> _EXERCISE BRIEF_:
Everything from the line with "5月18日,中德莱茵TÜV工" down to the line with "FP6-LLM: Efficiently Serving" below must be printed exactly, those two lines included. Exclude pictures.

> _SOURCE DATA_:
[Start of Attachment]

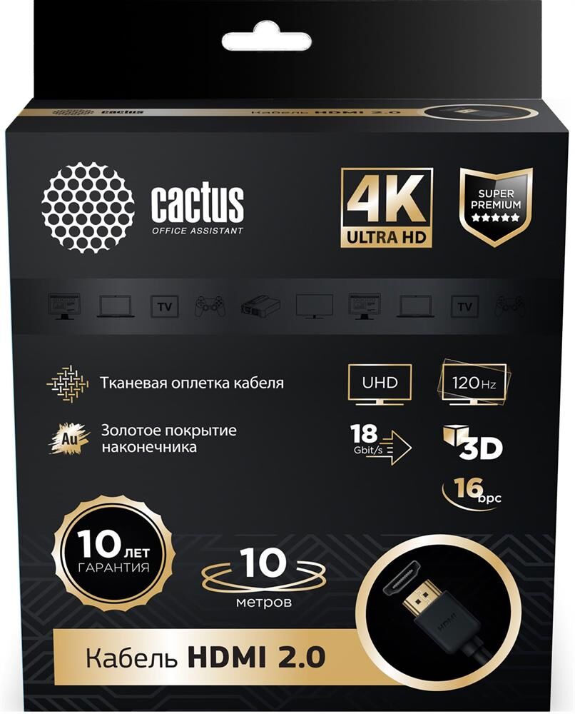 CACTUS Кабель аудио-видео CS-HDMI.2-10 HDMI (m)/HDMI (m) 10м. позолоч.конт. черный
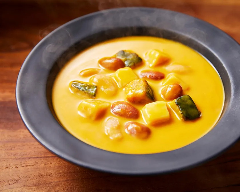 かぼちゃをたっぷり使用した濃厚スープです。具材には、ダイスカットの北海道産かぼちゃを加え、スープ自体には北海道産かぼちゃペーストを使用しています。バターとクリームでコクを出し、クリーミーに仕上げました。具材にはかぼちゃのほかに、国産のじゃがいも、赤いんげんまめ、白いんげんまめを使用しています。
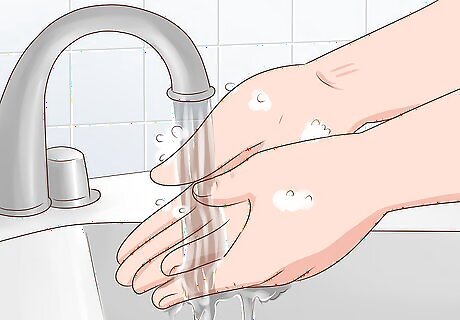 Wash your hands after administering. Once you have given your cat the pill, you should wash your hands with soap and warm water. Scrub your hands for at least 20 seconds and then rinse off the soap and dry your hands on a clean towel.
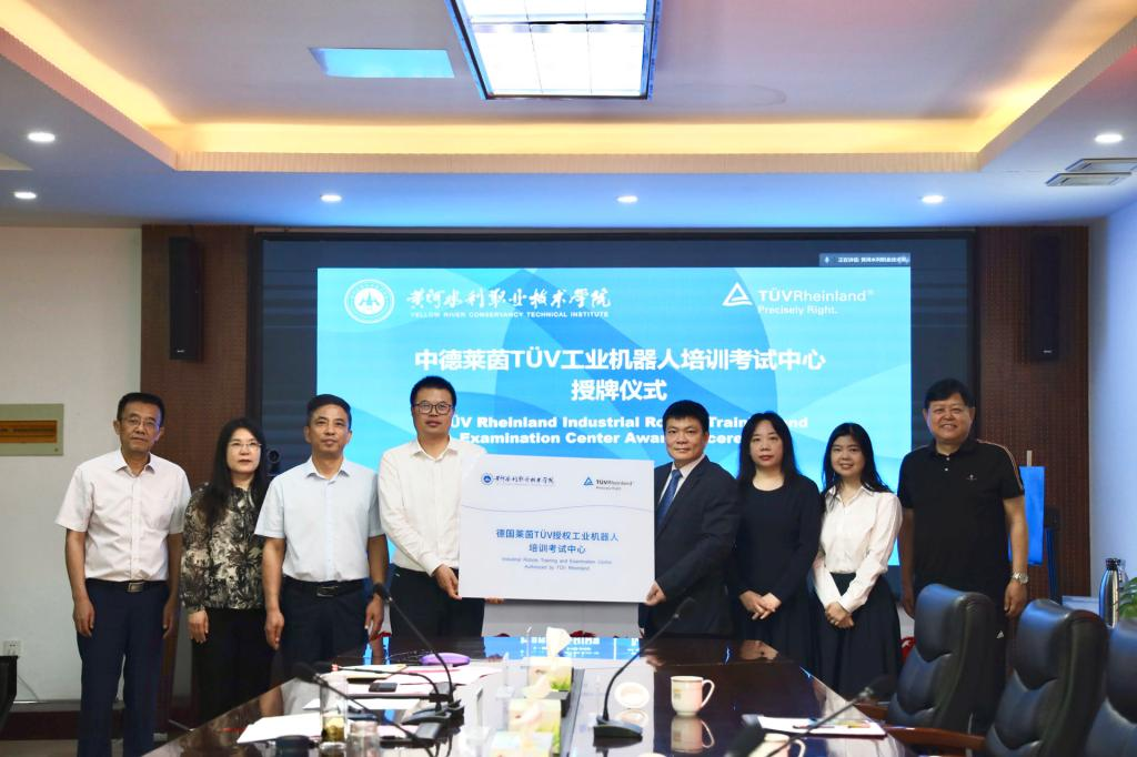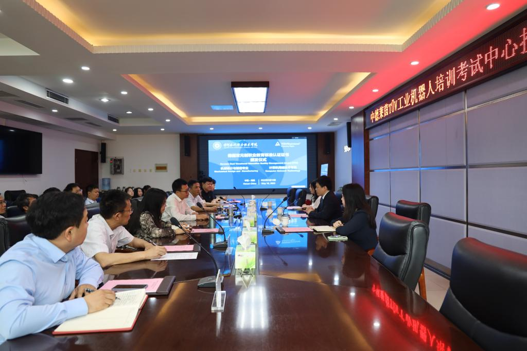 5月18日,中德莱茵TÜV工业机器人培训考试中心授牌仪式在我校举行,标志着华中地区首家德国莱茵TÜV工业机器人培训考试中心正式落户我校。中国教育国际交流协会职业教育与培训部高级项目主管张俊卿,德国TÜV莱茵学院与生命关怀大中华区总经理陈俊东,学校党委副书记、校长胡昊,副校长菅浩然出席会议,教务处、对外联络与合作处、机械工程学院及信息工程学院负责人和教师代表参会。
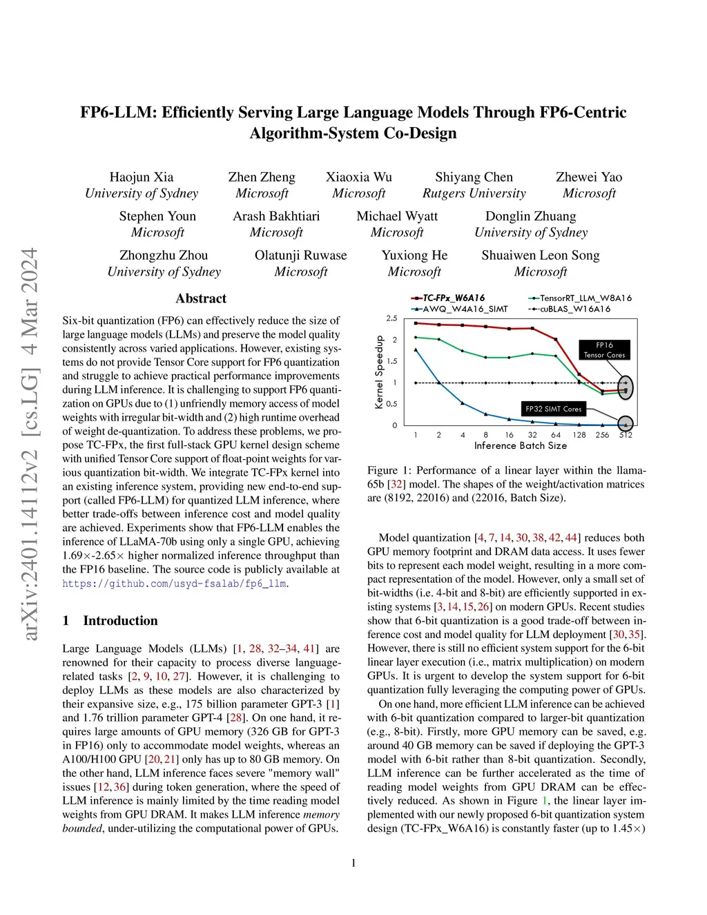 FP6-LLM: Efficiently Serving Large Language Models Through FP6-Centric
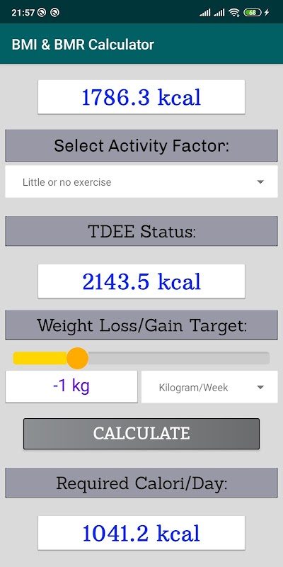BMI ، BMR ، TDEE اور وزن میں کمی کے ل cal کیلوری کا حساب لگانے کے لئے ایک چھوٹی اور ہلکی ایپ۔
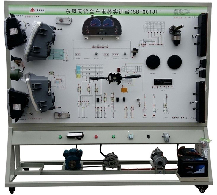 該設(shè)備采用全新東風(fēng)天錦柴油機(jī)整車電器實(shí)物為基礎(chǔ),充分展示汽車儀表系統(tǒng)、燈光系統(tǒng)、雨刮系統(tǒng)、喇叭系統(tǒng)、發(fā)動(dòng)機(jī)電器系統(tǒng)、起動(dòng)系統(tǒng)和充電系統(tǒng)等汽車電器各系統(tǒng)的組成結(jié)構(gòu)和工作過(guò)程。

[End of Attachment]

> _EXERCISE RESPONSE_:
 5月18日,中德莱茵TÜV工业机器人培训考试中心授牌仪式在我校举行,标志着华中地区首家德国莱茵TÜV工业机器人培训考试中心正式落户我校。中国教育国际交流协会职业教育与培训部高级项目主管张俊卿,德国TÜV莱茵学院与生命关怀大中华区总经理陈俊东,学校党委副书记、校长胡昊,副校长菅浩然出席会议,教务处、对外联络与合作处、机械工程学院及信息工程学院负责人和教师代表参会。
 FP6-LLM: Efficiently Serving Large Language Models Through FP6-Centric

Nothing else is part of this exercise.